Entries taken from a collection
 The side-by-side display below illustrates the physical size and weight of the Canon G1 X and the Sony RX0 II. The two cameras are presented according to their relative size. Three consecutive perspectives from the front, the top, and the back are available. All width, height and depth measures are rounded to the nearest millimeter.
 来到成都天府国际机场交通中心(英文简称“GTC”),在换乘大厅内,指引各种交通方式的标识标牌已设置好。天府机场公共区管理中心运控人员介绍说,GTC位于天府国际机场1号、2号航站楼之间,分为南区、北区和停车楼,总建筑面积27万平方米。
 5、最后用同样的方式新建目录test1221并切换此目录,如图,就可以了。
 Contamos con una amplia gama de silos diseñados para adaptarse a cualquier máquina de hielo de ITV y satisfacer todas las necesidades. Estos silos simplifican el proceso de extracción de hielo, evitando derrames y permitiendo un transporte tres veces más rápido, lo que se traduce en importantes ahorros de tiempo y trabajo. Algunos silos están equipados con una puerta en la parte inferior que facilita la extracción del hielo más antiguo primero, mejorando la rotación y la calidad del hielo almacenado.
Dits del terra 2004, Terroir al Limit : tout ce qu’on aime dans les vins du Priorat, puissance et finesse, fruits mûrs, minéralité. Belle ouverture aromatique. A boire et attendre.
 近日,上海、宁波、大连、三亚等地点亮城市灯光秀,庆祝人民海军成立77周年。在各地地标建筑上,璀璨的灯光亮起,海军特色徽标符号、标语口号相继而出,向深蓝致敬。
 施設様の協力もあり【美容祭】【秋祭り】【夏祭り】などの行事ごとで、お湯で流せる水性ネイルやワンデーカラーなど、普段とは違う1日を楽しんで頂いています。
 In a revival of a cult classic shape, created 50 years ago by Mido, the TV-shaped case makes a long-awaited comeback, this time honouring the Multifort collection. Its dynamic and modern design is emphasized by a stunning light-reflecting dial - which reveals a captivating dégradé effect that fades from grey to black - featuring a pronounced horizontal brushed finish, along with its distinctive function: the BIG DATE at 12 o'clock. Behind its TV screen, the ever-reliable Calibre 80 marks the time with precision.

* * *

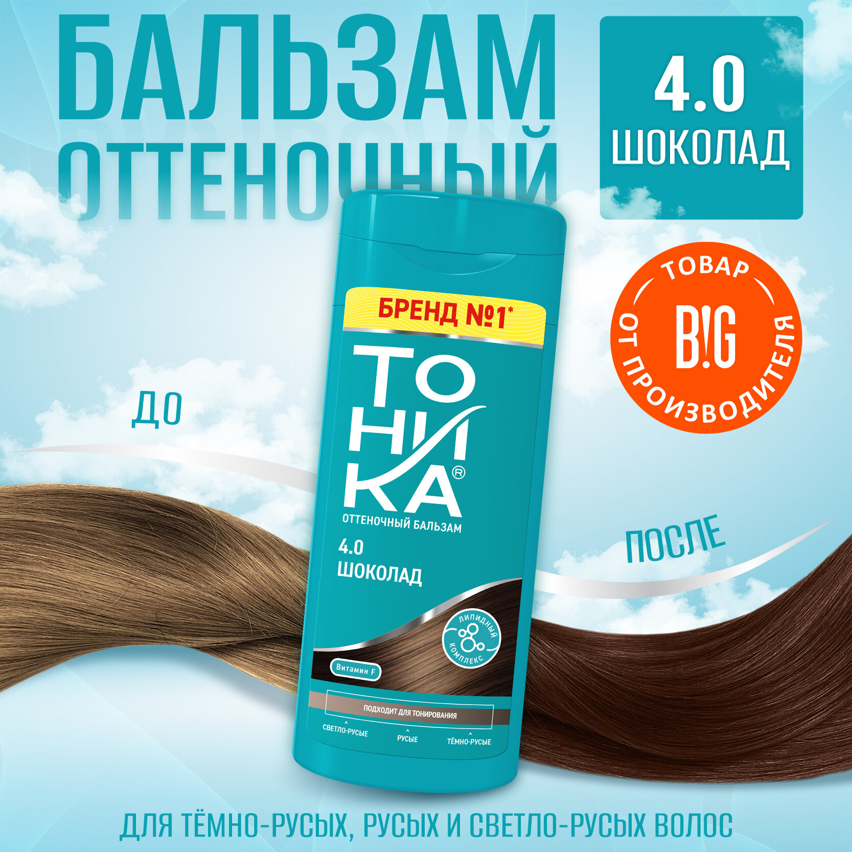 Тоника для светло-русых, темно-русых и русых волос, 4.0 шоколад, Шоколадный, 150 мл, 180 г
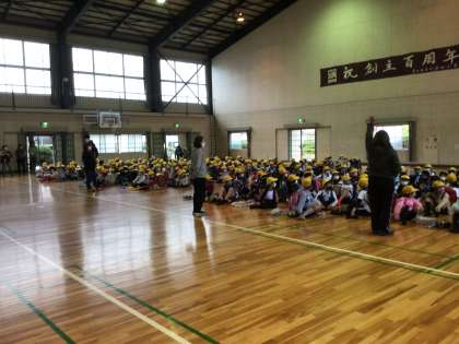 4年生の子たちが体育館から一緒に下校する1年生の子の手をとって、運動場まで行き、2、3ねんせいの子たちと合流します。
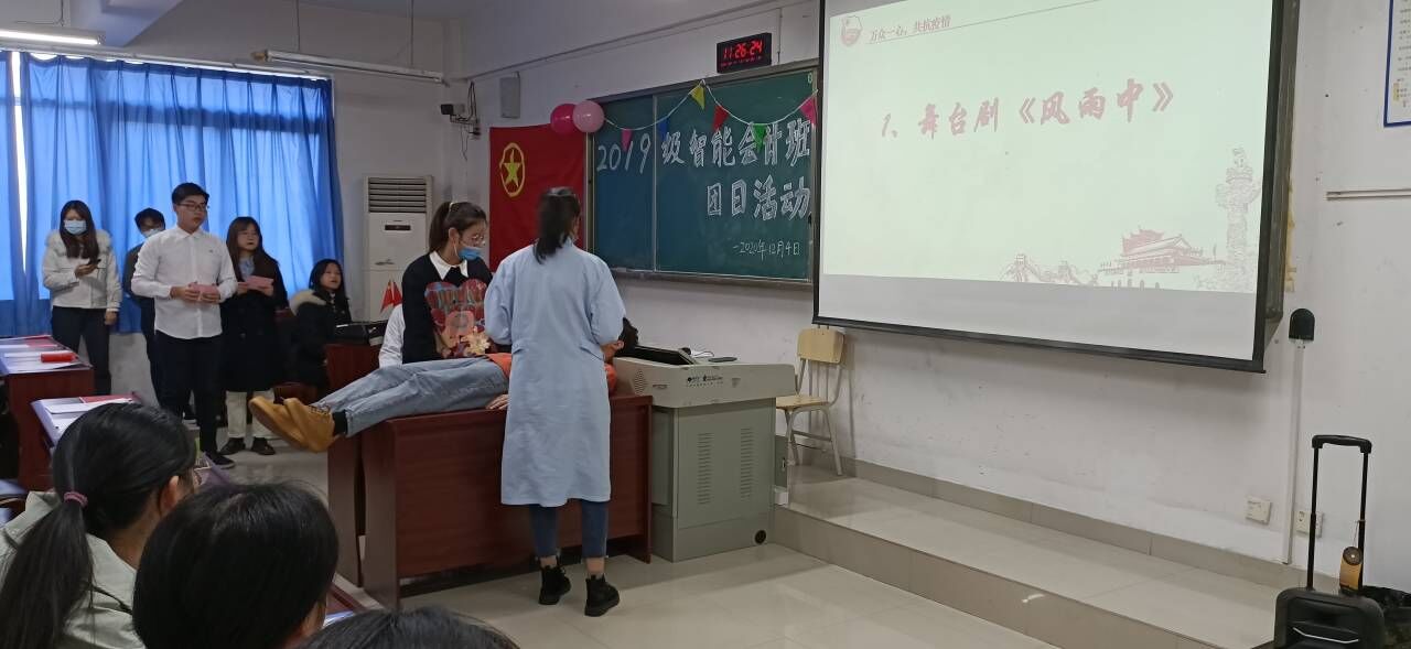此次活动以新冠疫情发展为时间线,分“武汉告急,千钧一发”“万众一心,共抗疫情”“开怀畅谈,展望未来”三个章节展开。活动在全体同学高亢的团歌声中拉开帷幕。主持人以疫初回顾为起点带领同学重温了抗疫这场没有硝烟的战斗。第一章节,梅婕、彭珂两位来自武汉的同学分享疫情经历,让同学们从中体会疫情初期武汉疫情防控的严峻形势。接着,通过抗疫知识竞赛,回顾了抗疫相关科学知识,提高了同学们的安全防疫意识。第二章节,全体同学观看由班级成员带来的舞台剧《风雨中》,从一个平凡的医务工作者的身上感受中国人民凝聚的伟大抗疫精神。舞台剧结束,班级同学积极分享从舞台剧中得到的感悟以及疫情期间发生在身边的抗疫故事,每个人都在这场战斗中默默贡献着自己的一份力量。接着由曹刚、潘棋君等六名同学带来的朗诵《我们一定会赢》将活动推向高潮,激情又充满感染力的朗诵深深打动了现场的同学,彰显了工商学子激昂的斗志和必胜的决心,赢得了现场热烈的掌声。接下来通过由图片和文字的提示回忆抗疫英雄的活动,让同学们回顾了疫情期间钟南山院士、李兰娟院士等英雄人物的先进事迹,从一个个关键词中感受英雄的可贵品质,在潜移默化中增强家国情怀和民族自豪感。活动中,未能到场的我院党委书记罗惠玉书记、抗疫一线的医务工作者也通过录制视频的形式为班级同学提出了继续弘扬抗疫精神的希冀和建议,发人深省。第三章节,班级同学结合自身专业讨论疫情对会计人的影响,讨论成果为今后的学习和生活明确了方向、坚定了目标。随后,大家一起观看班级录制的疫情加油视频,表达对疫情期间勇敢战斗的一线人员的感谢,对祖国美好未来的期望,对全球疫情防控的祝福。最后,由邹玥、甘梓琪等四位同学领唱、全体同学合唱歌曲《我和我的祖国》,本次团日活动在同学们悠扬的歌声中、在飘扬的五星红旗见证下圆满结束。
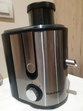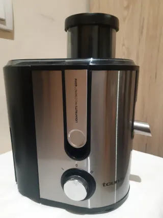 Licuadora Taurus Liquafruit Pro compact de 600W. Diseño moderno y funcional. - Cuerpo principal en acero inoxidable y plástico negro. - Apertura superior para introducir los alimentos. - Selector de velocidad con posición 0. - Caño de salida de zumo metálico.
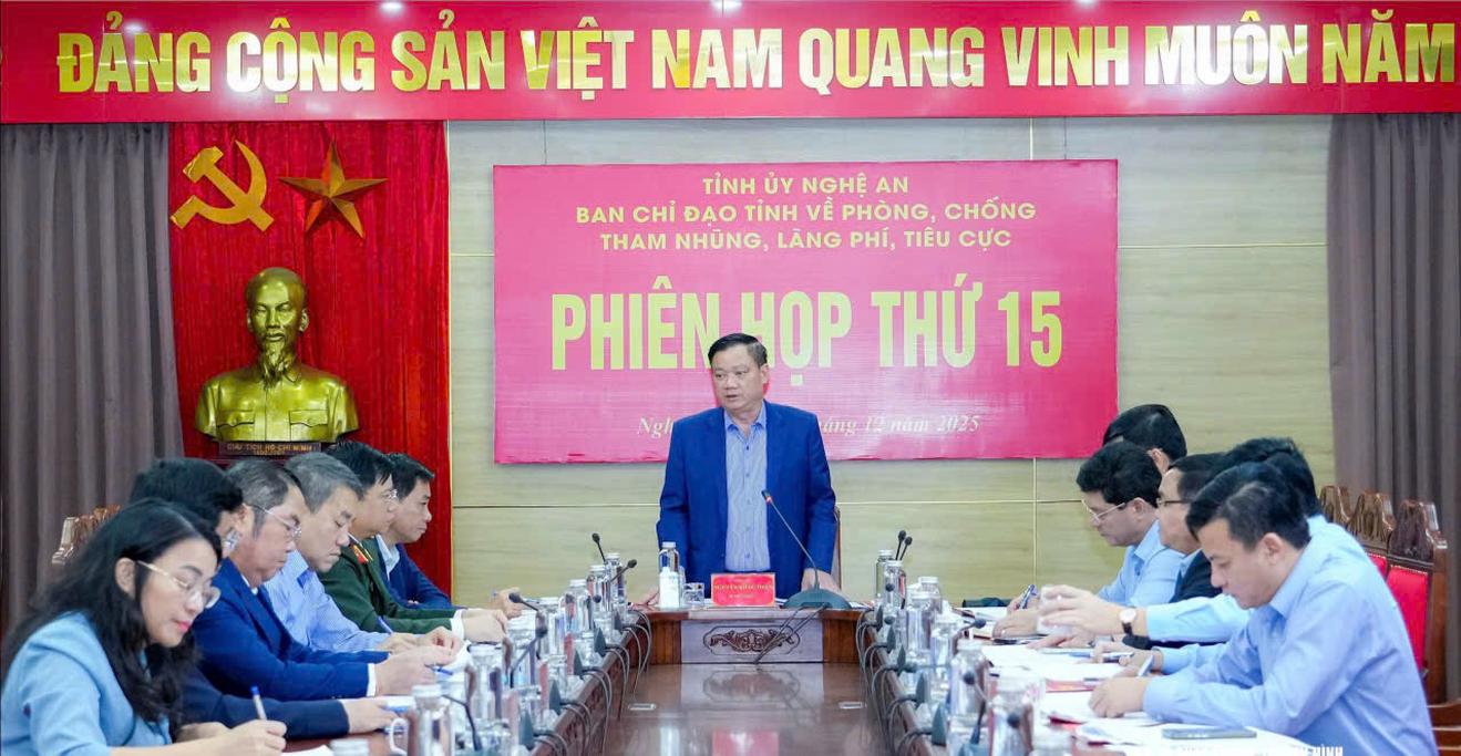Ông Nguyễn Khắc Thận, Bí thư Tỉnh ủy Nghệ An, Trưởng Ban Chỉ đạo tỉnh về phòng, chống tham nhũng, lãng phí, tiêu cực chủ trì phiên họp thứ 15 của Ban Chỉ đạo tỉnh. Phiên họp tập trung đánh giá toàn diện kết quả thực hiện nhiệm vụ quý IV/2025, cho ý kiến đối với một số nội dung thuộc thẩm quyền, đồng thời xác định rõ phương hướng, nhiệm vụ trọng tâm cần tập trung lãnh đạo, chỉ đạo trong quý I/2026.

--

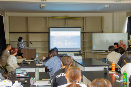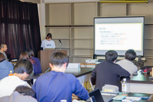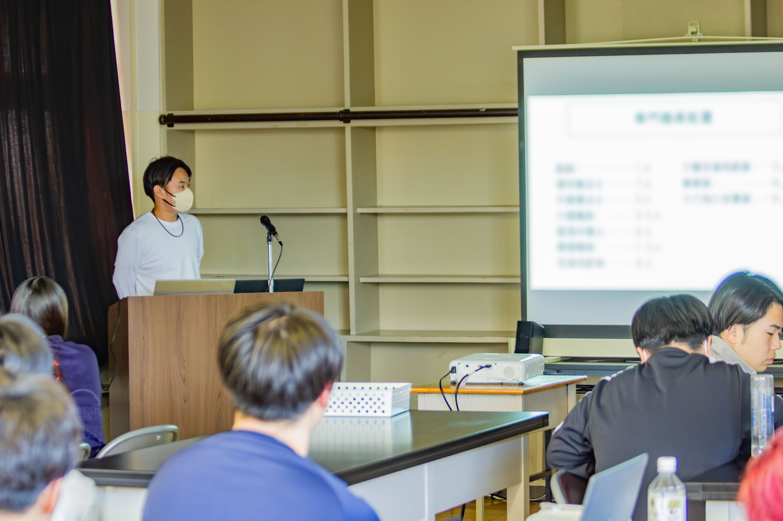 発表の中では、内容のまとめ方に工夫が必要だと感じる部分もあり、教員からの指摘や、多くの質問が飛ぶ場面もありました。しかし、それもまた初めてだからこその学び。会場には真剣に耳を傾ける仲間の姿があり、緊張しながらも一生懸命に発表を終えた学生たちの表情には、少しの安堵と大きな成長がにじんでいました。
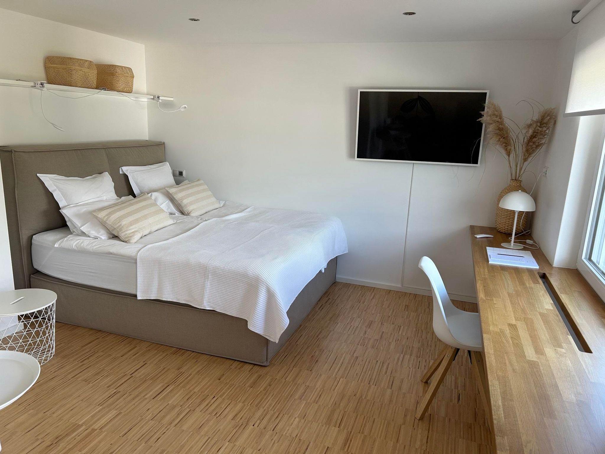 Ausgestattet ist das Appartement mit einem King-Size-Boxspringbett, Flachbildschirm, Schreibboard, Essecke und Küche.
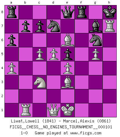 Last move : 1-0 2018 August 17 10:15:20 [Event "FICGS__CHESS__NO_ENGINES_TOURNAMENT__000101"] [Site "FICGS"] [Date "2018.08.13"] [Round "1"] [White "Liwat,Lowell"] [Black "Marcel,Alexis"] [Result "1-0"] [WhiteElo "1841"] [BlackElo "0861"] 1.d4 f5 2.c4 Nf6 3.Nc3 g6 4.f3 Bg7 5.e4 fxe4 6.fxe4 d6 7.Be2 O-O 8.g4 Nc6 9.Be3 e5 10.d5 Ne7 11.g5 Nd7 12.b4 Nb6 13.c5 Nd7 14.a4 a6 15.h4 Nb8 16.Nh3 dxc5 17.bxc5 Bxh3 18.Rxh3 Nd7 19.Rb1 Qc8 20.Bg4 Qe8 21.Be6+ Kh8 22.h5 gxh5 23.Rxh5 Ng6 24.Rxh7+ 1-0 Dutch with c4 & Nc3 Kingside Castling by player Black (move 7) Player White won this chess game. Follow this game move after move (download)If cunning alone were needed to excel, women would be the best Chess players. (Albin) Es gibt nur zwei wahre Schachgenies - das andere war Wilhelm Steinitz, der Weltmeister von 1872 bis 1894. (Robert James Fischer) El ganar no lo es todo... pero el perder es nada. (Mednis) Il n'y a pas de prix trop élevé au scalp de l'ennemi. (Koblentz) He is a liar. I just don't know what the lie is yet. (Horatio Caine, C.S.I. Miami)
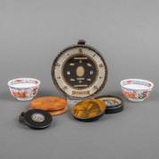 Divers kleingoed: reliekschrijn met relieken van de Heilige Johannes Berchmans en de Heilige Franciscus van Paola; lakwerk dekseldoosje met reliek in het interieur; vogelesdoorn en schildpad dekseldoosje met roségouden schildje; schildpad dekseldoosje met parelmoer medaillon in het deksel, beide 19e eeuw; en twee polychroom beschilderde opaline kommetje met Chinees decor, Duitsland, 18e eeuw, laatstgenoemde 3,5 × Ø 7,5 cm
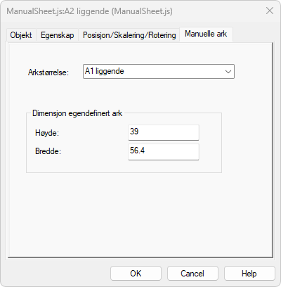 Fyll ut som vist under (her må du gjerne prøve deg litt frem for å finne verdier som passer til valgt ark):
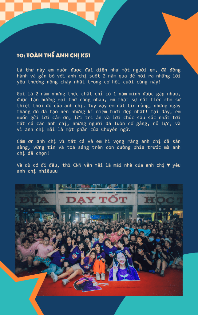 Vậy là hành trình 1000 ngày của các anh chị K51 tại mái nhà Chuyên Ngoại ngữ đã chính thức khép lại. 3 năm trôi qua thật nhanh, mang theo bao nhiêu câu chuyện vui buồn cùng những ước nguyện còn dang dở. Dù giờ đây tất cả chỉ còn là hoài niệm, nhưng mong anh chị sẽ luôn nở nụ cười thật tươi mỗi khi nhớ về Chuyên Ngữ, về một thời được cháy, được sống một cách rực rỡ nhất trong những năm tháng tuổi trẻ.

What you will do -> A verbatim reproduction is expected: starting at the line above that has "発表の中では、内容のまとめ方", ending at the line that has "Ausgestattet ist das", both included, and with no pictures and no other lines.

Answer to the problem ->
 発表の中では、内容のまとめ方に工夫が必要だと感じる部分もあり、教員からの指摘や、多くの質問が飛ぶ場面もありました。しかし、それもまた初めてだからこその学び。会場には真剣に耳を傾ける仲間の姿があり、緊張しながらも一生懸命に発表を終えた学生たちの表情には、少しの安堵と大きな成長がにじんでいました。
 Ausgestattet ist das Appartement mit einem King-Size-Boxspringbett, Flachbildschirm, Schreibboard, Essecke und Küche.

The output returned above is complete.